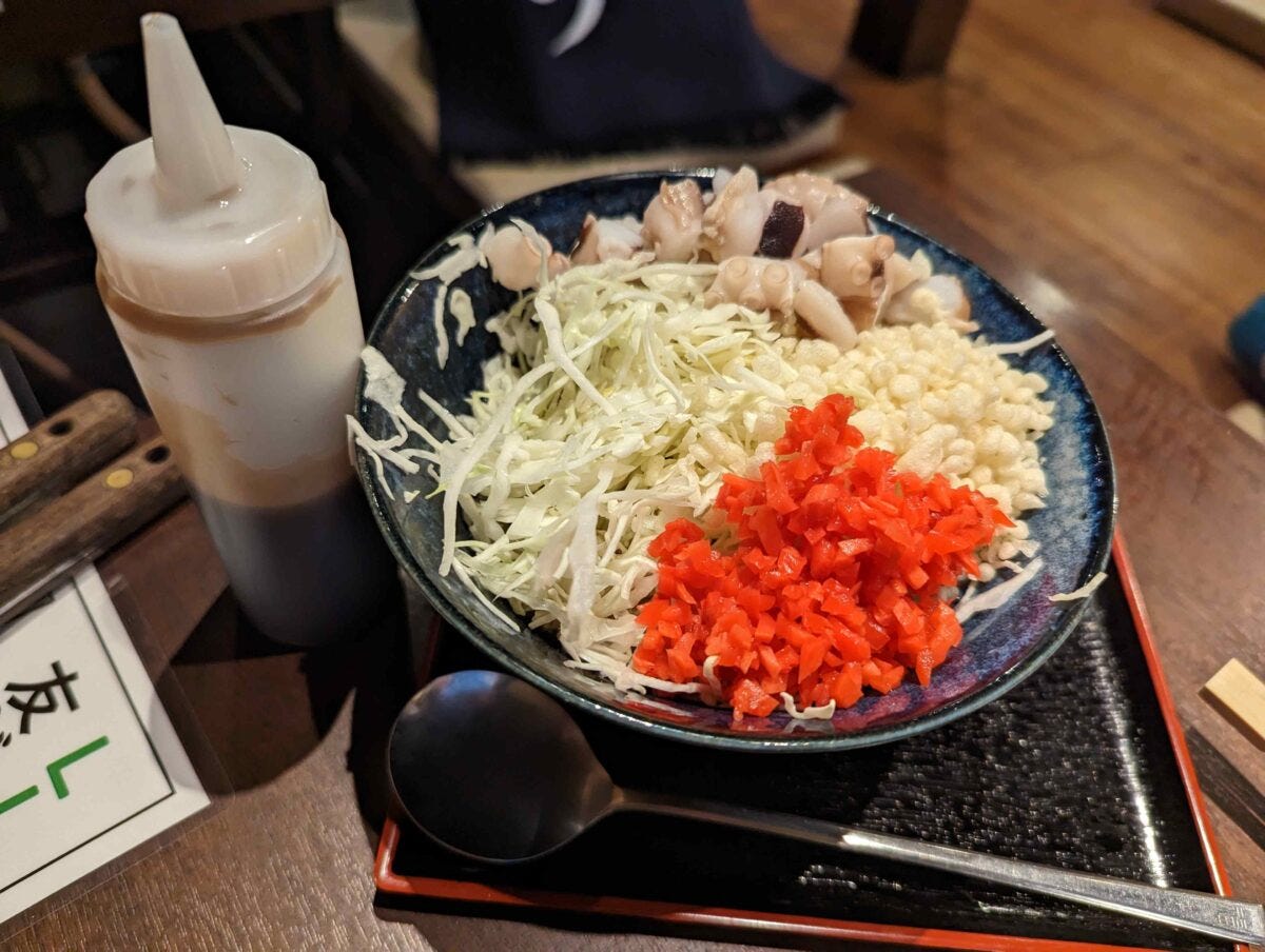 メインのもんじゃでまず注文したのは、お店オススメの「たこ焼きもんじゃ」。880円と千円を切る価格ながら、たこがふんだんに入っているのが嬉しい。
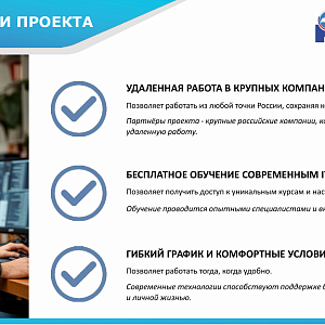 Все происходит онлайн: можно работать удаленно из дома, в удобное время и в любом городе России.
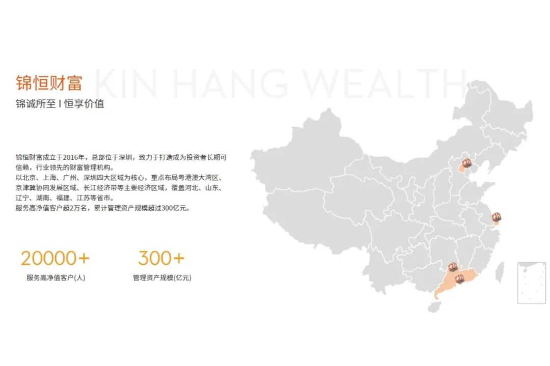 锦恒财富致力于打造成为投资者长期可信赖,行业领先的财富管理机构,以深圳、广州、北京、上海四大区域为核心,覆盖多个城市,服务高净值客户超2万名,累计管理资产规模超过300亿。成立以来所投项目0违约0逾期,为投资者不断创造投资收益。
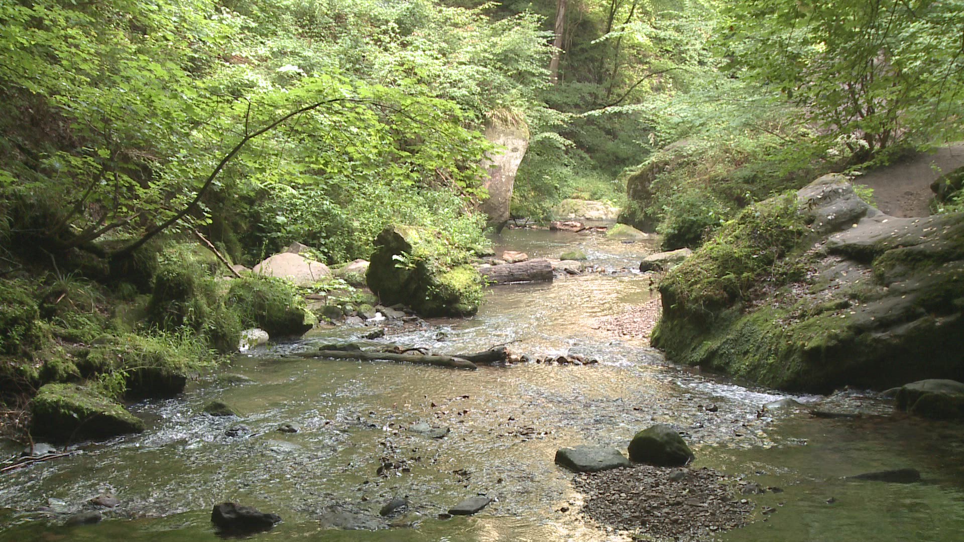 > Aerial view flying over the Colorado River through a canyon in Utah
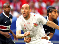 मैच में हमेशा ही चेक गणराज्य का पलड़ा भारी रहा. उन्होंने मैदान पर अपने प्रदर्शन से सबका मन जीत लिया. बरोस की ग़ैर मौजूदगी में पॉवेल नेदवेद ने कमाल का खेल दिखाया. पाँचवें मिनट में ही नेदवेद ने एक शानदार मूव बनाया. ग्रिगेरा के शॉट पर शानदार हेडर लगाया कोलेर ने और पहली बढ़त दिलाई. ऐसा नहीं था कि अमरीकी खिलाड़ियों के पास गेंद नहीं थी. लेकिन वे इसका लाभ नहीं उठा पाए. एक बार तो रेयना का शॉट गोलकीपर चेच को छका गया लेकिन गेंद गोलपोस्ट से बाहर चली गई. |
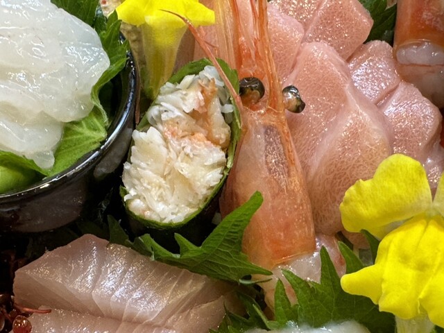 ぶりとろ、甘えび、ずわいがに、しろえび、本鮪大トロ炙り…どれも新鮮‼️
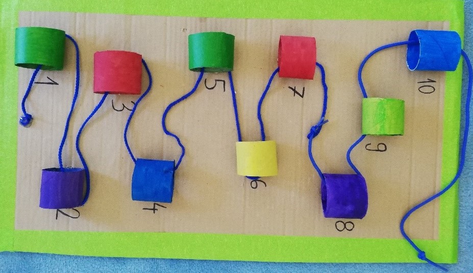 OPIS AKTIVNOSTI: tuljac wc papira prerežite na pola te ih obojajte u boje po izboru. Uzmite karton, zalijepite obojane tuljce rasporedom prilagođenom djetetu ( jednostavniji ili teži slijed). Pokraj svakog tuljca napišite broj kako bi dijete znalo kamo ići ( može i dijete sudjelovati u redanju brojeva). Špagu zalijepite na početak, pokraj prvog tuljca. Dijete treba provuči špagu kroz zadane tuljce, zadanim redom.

+---+

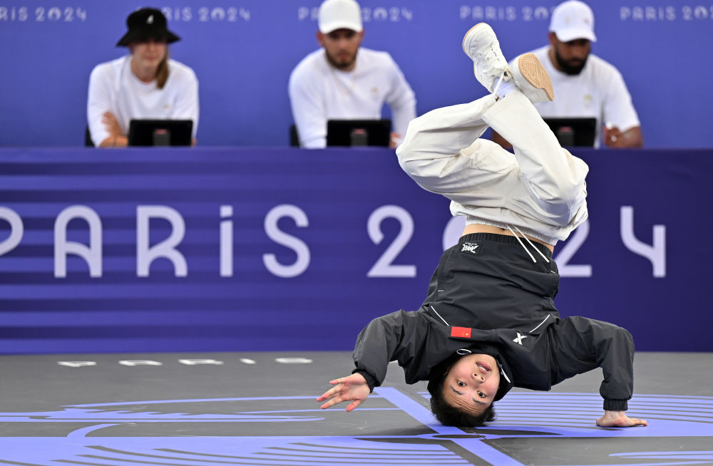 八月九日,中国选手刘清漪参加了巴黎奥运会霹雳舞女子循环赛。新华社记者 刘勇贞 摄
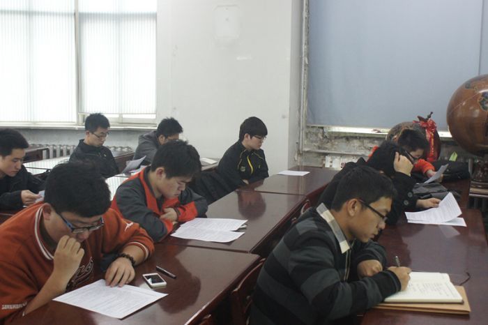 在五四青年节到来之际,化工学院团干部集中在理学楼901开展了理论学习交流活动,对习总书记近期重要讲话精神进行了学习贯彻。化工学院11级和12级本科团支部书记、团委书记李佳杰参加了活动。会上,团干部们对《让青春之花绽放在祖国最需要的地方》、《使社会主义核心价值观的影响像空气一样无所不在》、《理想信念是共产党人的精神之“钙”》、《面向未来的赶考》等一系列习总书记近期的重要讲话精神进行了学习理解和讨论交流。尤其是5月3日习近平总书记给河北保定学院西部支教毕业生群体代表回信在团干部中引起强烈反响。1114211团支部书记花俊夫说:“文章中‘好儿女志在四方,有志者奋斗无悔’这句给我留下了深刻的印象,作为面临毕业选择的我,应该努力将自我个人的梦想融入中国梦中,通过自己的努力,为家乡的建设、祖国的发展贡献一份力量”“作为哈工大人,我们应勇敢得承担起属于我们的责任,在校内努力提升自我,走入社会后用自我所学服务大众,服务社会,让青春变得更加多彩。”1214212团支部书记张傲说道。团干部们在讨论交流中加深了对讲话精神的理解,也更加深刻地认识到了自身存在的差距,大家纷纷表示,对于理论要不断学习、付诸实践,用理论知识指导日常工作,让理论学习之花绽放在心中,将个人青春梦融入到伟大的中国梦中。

+---+

From the records above, copy only the lines running from the line holding "ぶりとろ、甘えび、ずわいがに、しろえび、本鮪大トロ炙り…どれも新鮮‼️" through the line holding "OPIS AKTIVNOSTI: tuljac", with no pictures.

# Final answer
 ぶりとろ、甘えび、ずわいがに、しろえび、本鮪大トロ炙り…どれも新鮮‼️
 OPIS AKTIVNOSTI: tuljac wc papira prerežite na pola te ih obojajte u boje po izboru. Uzmite karton, zalijepite obojane tuljce rasporedom prilagođenom djetetu ( jednostavniji ili teži slijed). Pokraj svakog tuljca napišite broj kako bi dijete znalo kamo ići ( može i dijete sudjelovati u redanju brojeva). Špagu zalijepite na početak, pokraj prvog tuljca. Dijete treba provuči špagu kroz zadane tuljce, zadanim redom.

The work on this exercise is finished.